Там снова метнулась длинная вспышка, лизнувшая закатные облака, — через много секунд в одно из тускло красноватых озер упал снаряд, разорвался, высоко подняв воду.

Машинист, скаля зубы, сказал:

— Раков, чай, наколотило — миллион.

Паровоз продолжал медленно заворачивать по дамбе. Направо — на юг — на холме по-над Доном находился большой кожевенный завод. Там с нынешнего дня шла горячая работа, — разбирали постройки, доски и бревна сносили на берег, вязали плоты. На эту работу были брошены все свободные руки.

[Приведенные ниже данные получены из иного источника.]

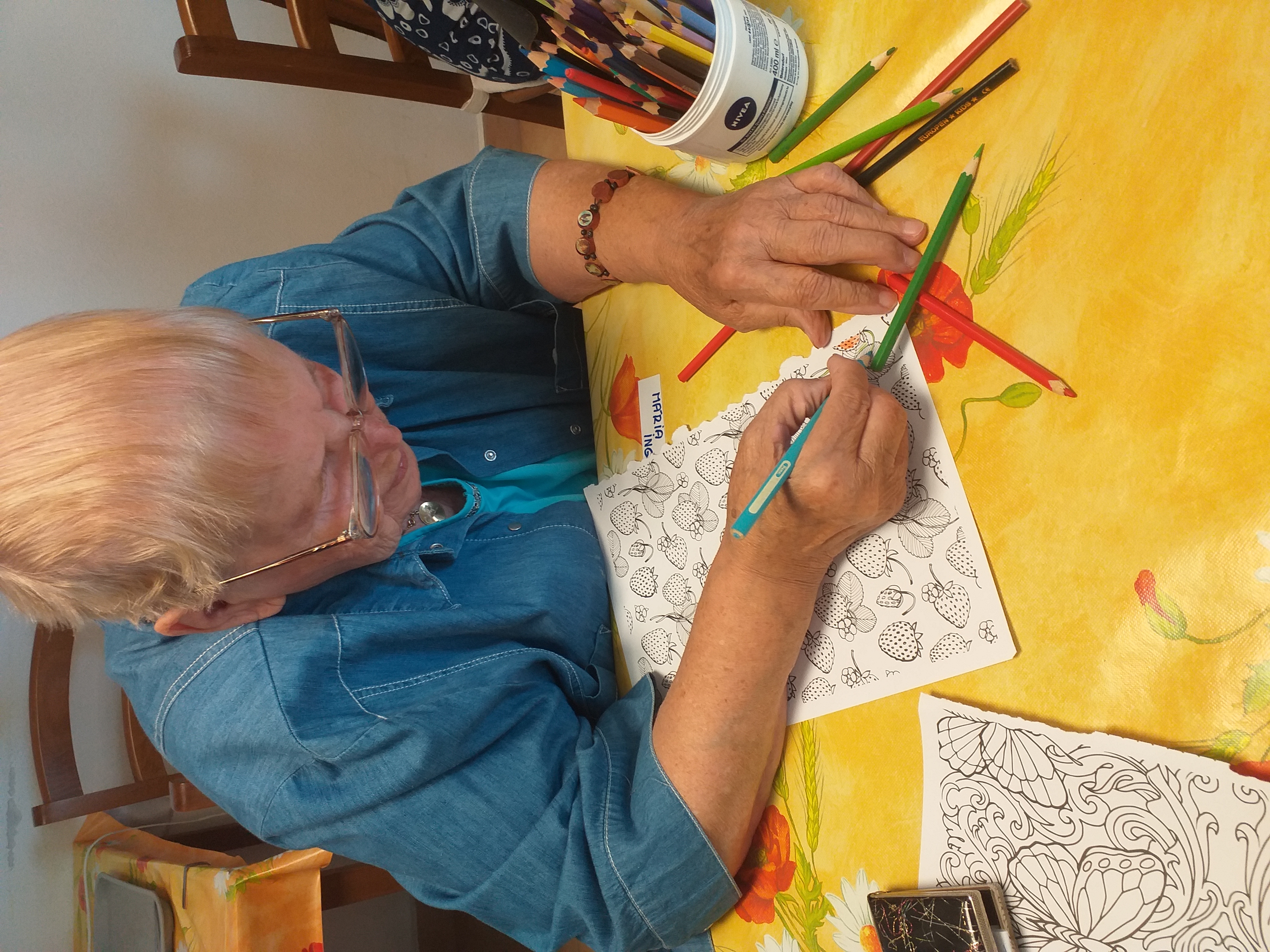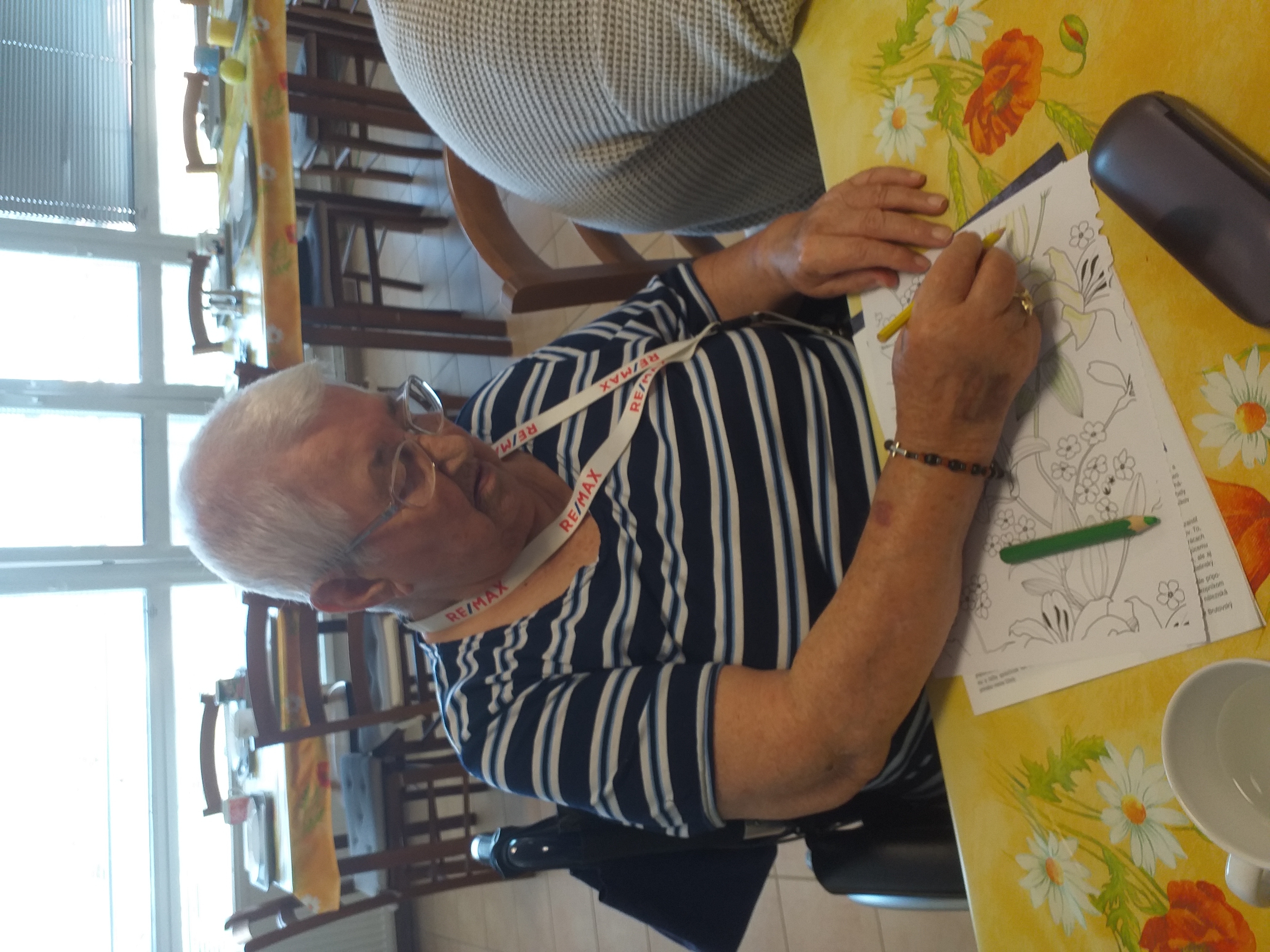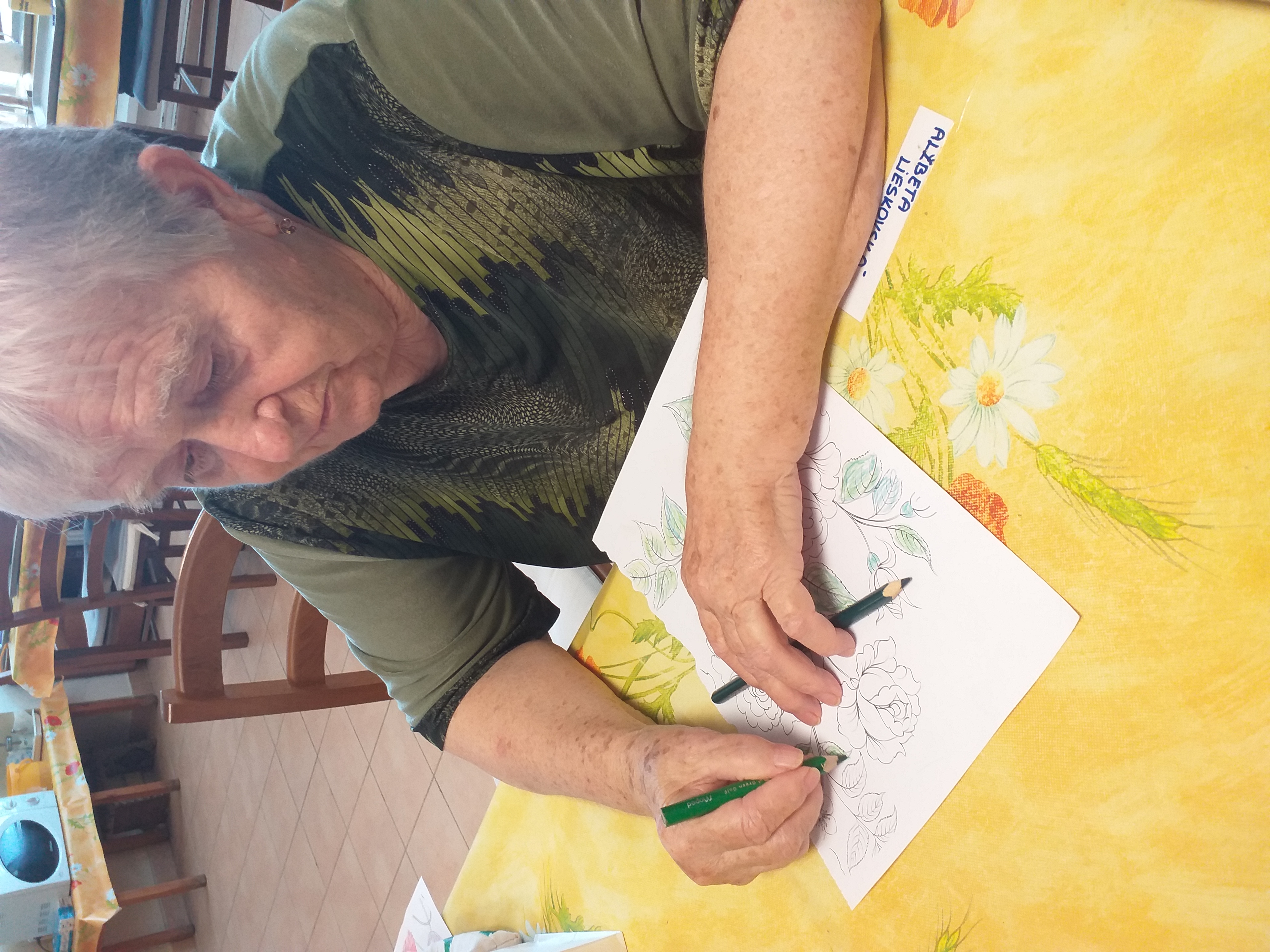 Činnosti s prvkami arteterapie sú bežnou dennou súčasťou trávenia voľného času našich klientov. Antistresové omaľovánky majú krásne vzory, pomáhajú nás zbaviť napätia, vyčistiť hlavu, či priviesť na iné myšlienky. Vyfarbovaním sa vraciame do bezstarostných čias detstva, zapájame kreatívnu časť mozgu a trénujeme jemnú motoriku. Vyskúšajte ich aj vy, určite Vás upokoja v tejto uponáhľanej dobe...

Шестьдесят эшелонов стояли уже между станцией Чир и хутором Рычковым. План перехода от Морозовской до Дона осуществился скорее, чем ожидали. Казаки, боясь конницы Щаденко, двигавшейся слева от полотна, и пехотных отрядов, двигавшихся справа, не решались подходить близко к эшелонам. Был только один кровавый налет на станцию Суровикино, где стоял в тот день санитарный поезд с больными и ранеными. За разгром его, за убийство нескольких сот человек казаки тут же были разгромлены подоспевшим бронепоездом. Это отбило у них охоту приближаться к полотну.

Перед Доном 5-я армия, оберегая эшелоны, расположилась выгнутой крутой дугой — с радиусом до пятнадцати верст: на западе центр ее занимал окопы на Лисинских высотах,[4] левый фланг тянулся по речке Чир и по волнистой равнине перед станицей Нижнечирской, правый упирался у самого Дона в подножье Рачковой горы.

Окружение Нижнечирской не удалось. В горячих боях казаки потеснили фланг 5-й, покуда она не заняла эти позиции. Начались ежедневные затяжные бои. Противник накоплял силы, стреляя «скучными» снарядами, понимая, что эшелоны здесь засели прочно перед взорванным мостом.

Паровоз теперь едва двигался. Показался Дон — еще в разливе, полноводный, озаренный закатом. Впереди виднелись пролеты железнодорожного моста. Паровоз остановился. С него соскочили Ворошилов, Бахвалов и Пархоменко с подвязанной рукой (раненный при атаке вокзала в Суровикине). Они прошли по полотну еще шагов с полсотни. Тянуло сыростью. Отчаянно звенели комары. Здесь полотно круто обрывалось, и торчали загнутые концы рельсов.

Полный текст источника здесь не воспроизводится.